Only the lines from the opening of the material through the one containing "给二、三线制变送器提供隔离的" should be reproduced, each exactly as it stands.

-- Given data --
──────
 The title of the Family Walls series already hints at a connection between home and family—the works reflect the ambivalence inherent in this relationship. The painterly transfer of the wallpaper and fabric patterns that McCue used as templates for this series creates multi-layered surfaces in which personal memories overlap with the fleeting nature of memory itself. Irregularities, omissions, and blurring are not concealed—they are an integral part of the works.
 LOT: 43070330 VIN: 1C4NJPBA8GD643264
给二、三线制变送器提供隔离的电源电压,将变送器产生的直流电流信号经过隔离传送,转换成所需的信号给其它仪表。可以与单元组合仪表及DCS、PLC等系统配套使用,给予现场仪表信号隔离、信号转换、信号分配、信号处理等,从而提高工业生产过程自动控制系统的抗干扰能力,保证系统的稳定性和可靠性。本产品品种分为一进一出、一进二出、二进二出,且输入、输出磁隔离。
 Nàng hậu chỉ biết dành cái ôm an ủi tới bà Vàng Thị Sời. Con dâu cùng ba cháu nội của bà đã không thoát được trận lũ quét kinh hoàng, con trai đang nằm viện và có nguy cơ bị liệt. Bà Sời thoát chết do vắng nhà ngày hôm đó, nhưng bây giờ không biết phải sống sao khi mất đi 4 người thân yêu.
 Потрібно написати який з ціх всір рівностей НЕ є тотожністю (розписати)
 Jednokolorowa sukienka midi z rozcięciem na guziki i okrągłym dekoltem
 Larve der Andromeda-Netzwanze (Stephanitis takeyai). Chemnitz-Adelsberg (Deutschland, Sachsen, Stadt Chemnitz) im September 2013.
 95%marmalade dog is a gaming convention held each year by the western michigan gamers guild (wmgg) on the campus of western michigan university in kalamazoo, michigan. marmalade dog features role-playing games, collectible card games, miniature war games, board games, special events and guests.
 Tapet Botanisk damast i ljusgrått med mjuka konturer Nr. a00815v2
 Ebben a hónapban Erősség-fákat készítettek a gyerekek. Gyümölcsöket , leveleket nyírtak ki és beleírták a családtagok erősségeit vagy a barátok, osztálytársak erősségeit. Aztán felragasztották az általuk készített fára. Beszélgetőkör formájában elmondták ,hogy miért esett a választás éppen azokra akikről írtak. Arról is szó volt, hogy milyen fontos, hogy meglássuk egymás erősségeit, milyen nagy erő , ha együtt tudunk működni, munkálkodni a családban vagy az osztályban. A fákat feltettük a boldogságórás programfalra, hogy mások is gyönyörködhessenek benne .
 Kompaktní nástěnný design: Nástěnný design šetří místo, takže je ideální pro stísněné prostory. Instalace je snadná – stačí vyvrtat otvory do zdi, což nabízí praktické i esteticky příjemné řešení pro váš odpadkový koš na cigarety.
──────
-- Exercise result --
 The title of the Family Walls series already hints at a connection between home and family—the works reflect the ambivalence inherent in this relationship. The painterly transfer of the wallpaper and fabric patterns that McCue used as templates for this series creates multi-layered surfaces in which personal memories overlap with the fleeting nature of memory itself. Irregularities, omissions, and blurring are not concealed—they are an integral part of the works.
 LOT: 43070330 VIN: 1C4NJPBA8GD643264
给二、三线制变送器提供隔离的电源电压,将变送器产生的直流电流信号经过隔离传送,转换成所需的信号给其它仪表。可以与单元组合仪表及DCS、PLC等系统配套使用,给予现场仪表信号隔离、信号转换、信号分配、信号处理等,从而提高工业生产过程自动控制系统的抗干扰能力,保证系统的稳定性和可靠性。本产品品种分为一进一出、一进二出、二进二出,且输入、输出磁隔离。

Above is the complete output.